Many of the opposition affected to believe that the interests of the country would not be subserved, whether the war eventuated in her favor, or that of her enemy; they could see nothing to be gained by it; to which Mr. Clay said, ‘I will ask what are we not to lose by peace?—commerce, character, a nation’s best treasure and honor! If pecuniary considerations alone are to govern, there are sufficient motives for the war. Our revenue is reduced by the operation of the belligerent edicts, to about six millions of dollars. The year preceding the embargo, it was sixteen. Take away the orders in council, it will again mount up to sixteen millions. By continuing, therefore, in peace—if the mongrel situation in which we are deserves that denomination—we lose annually, in revenue alone, ten millions of dollars. Gentlemen will say, repeal the law of non-importation. If the United States were capable of that perfidy, the revenue would not be restored to its former state, the orders in council continuing. Without an export trade, which these orders prevent, inevitable ruin will ensue if we import as freely as we did prior to the embargo. A nation that carries on an import trade without an export trade to support it, must in the end be as certainly bankrupt, as the individual would be who incurred an annual expenditure without an income.’
Mr. Clay contended that England, in assigning the cause of her aggressions to be the punishment of France, with whom she was at war, was practicing a deceptive part; that this was her ostensible and not real course. It was her inordinate desire of supremacy on the seas, which could not brook any appearance of rivalry, that prompted her hostilities. She saw in your numberless ships, which whitened every sea, in your hundred and twenty thousand gallant tars, the seeds of a naval force, which, in thirty years, would rival her on her own element. She therefore commenced the odioussystem of impressment, of which no language can paint my execration! She DARED to attempt the subversion of the personal freedom of your mariners!
He closed by expressing his decided conviction of the justice of the undertaking, and hoping that unless redress was obtained by peaceable means speedily, war would be resorted to before the close of the session.
On the fourth of January following, the bill passed the house, after several ineffectual attempts to introduce amendments, by a vote of ninety-four to thirty-four, several voting for, who at the commencement of the discussion were bitterly opposed to it. This was the initiatory step taken by the government in relation to the war.

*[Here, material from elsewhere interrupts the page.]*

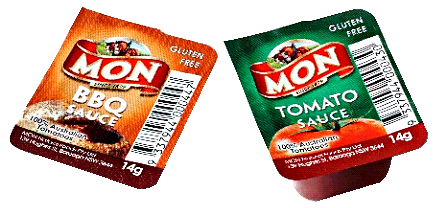 Mon portion control sauces come in tomato and BBQ flavours - our innovative technology ensures you keep the sauce on your pie and not on your pants

On the twenty-second of the same month, the committee to whom that portion of the president’s message was referred that contemplated a naval establishment, reported a bill in favor of its increase. To this also Mr. Clay gave his most vigorous support, advocating the construction of several warlike vessels, combating the many specious objections of those opposed to its increase, and showed clearly their fallacy. He described three degrees of naval power. The first was one of sufficient magnitude and strength as would enable us to go forth and successfully cope with that of any belligerent nation on the globe. But such a force, he contended, it was out of the power of the American nation to raise, neither under her present circumstances was it particularly desirable.
The second, was one by which we should be able to beat off any naval force or armament which Great Britain, or any other nation, might be able to send to and permanently station on our coasts. The force requisite would be about one third of that despatched by the foreign nation, according to nautical experience. He estimated that twelve line-of-battle ships and fifteen or twenty frigates would be sufficient to keep at bay the most formidable fleet England could send against us and maintain in American waters, during her conflict with European powers. A naval force like that, however, he admitted could not be raised then, but he urged congress to take such measures as should secure its construction as soon as possible, and estimated that its completion might be confidently expected in a few years. To him there was nothing in the vast extent of Great Britain’s naval resources intimidating. He maintained that her great distance from us, the perils which would environ a squadron on a foreign shore, and the ease with which, from the extent of our sea-coast, we could harass or escape an enemy, furnished proof sufficient to convince any unprejudiced mind, that we should be able very soon to assemble a navy capable of maintaining all our maritime rights and interests. The correctness of Mr. Clay’s views has since been amply verified, and the accuracy with which he foresaw and foretold futureevents shows him to have been gifted with no ordinary degree of prescience.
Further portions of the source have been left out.